A RedeTV! e o advogado Celso Vendramini foram condenados a pagar indenização de 80 salários mínimos por danos morais à escritora Valéria Melki Busin e à servidora pública Renata Junqueira Almeida. O juiz Mário Sérgio Leite, da 2ª Vara Cível de Barueri (SP) considerou procedente a ação movida por Valéria e Renata, que denunciaram a violação aos direitos e à dignidade das lésbicas. Em 2002, as duas participaram de uma edição do programa Superpop – apresentado na Rede TV! pela ex-modelo Luciana Gimenez -, com participação de Vendramini, para falar sobre a união estável entre pessoas do mesmo sexo.

De acordo com Valéria, a produção do programa fez o convite a ela e a sua então companheira Renata para participarem de uma entrevista “visando a quebra de preconceitos contra os casais homossexuais”. Para reforçar as boas intenções do programa, a produção do Superpop afirmou que o convite tinha sido motivado por uma matéria publicada pela revista Elle, de autoria do jornalista Mário Viana e na qual o casal figurava como personagens.

Segundo Valéria, como a matéria da revista tinha sido realmente muito positiva para a promoção do direito das lésbicas e da quebra do preconceito, elas aceitaram o convite.
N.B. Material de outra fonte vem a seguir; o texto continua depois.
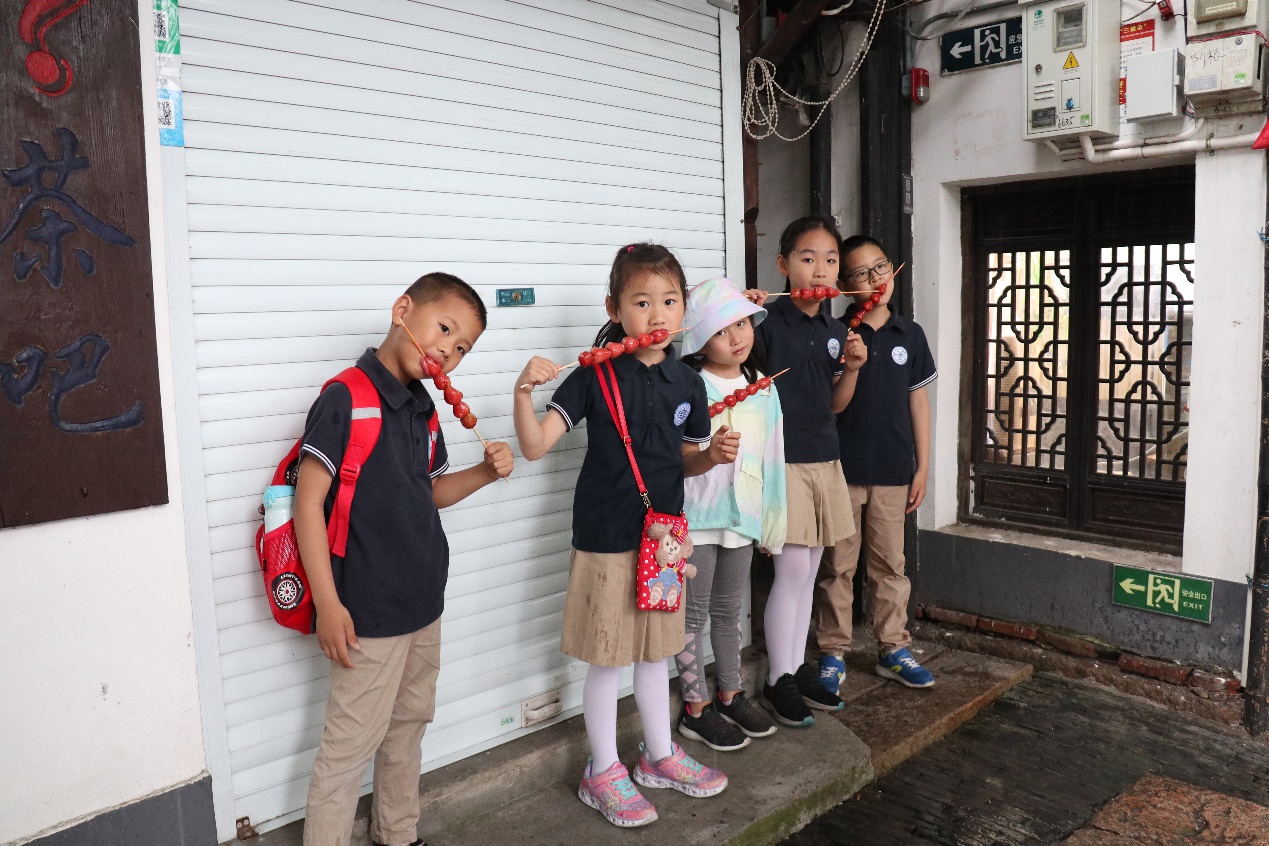 朱家角古镇区内有36座古桥,古朴典雅,一条漕港河将镇子分成南北两部分,民居宅地依水而建。孩子们跟随家长的步伐,饶有兴致地参观了镇上最大的庄园式园林建筑-课植园。它位于朱家角镇北首西井街,环境幽静。园名“课植”寓“课读之余,不忘耕植”之意。最令孩子们开心的是,沿河两边有很多物品琳琅满目的小店,比如有漂亮的旗袍、油纸伞小店,还有各种上海特色小吃,成了孩子们的嬉戏、打闹天然场所,甚是欢乐。

Contudo, a farsa de uma entrevista “positiva” ficou evidente assim que a produção do Superpop comunicou às participantes, já no camarim, que a pessoa “do outro lado” – o que caracterizava um debate e não uma entrevista – era “uma pessoa agressiva e que estava falando barbaridades”.

O “outro lado do debate”, o advogado Celso Vendramini, é descrito na sentença do juiz Mário Sérgio Leite como um conhecido advogado, com muitas participações em programas sensacionalistas e que “participou do debate simplesmente para começar, iniciar, dar causa ao escândalo”. Para Valéria, a participação de Vendramini apenas contribuiu para caracterizar que elas foram usadas pelo programa, pois, a produção “já estava predestinada a promover um barraco e usá-las de forma inescrupulosa”.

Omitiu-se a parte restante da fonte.